Day 16

When I moved to St. Louis and started learning more about race, I became obsessed with consuming the stories of other black people. My whole world became about listening to and amplifying the stories of black folks and other people of color. I started a storytelling and photography project, where I would interview folks whose stories had inspired me. Activists, artists, writers. I wanted to hear everything they had to say. And I bought all of the books, too. My focus was not just contemporary. I wanted it to be historical. I wanted to be well-read when it came to all of our stories. Everything that it meant to be black.

I realize, in retrospect, that I was centering every story but my own. I never thought that what I had to say about race was important enough to write about at length. Or to consider. I was never quite black enough. But also not Filipino enough. Instead, I would write pages of notes and spend hours transcribing interviews with other people talking about race. And then, at the end, I’d write a few notes on what it was like to talk to them, and how important it was to amplify their story.

I never thought that it was important to amplify my own, too; despite the lifelong inclination and desire I had to do so. My therapist reminded me, recently, that only I can tell my own story. Only I can excavate my inner world with sincerity and honesty, and create a story that feels like my own. I’ve come to realize how vital this is in work around race. Not just for black folks. Or people of color. But for all of us.

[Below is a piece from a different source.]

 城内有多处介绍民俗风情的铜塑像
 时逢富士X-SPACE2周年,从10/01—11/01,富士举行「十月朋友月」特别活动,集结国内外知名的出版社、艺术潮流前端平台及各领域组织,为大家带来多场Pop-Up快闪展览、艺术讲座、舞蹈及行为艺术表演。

I believe it has been vital and transformative for me to center my own story when it comes to thinking about race. For myself. Not necessarily to share or to publicize; but just to know. It’s a story only I can tell. And to pretend that race has had no impact on it would be a disservice to me, when in reality maybe nothing has had a bigger impact on how I experience what it is to be human. I think it is a gift to self to understand our life story through this lens. I don’t know that freedom is truly possible without a deep excavation of these circumstances - this racialized world we find ourselves in - and the role they’ve played in each of our lives.

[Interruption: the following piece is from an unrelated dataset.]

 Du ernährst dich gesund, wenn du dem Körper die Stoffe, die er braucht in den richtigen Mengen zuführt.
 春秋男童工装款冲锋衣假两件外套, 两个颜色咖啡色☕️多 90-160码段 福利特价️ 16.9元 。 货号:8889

Whenever we find ourselves in one of these historical moments - a Black person has been murdered - I am often asked by non-Black folks what they should read. They want me to recommend a narrative or some research that will make all of this make sense. I am coming to believe that there is no better starting point than the mirror. That anyone can read my story and be moved for a moment, but if you haven't learned the nuances of your own, the resonance will be short lived. But to commit to sitting with yourself and excavating your interior world? To give yourself the gift of knowing your own story? That, I think, is how we all ultimately get free.

A Practice for Today:

Write a timeline with race at the center. Make note of your birth. Your family. The town you grew up in. What is your first memory of being conscious of race? What was it like in school? What have been some pivotal moments in your consideration of race?

When you have finished creating a timeline, choose one event to explore more deeply. What were the circumstances of that event? What are some gaps that you would like to fill in? Who could help you with that? What about that event was impactful for you?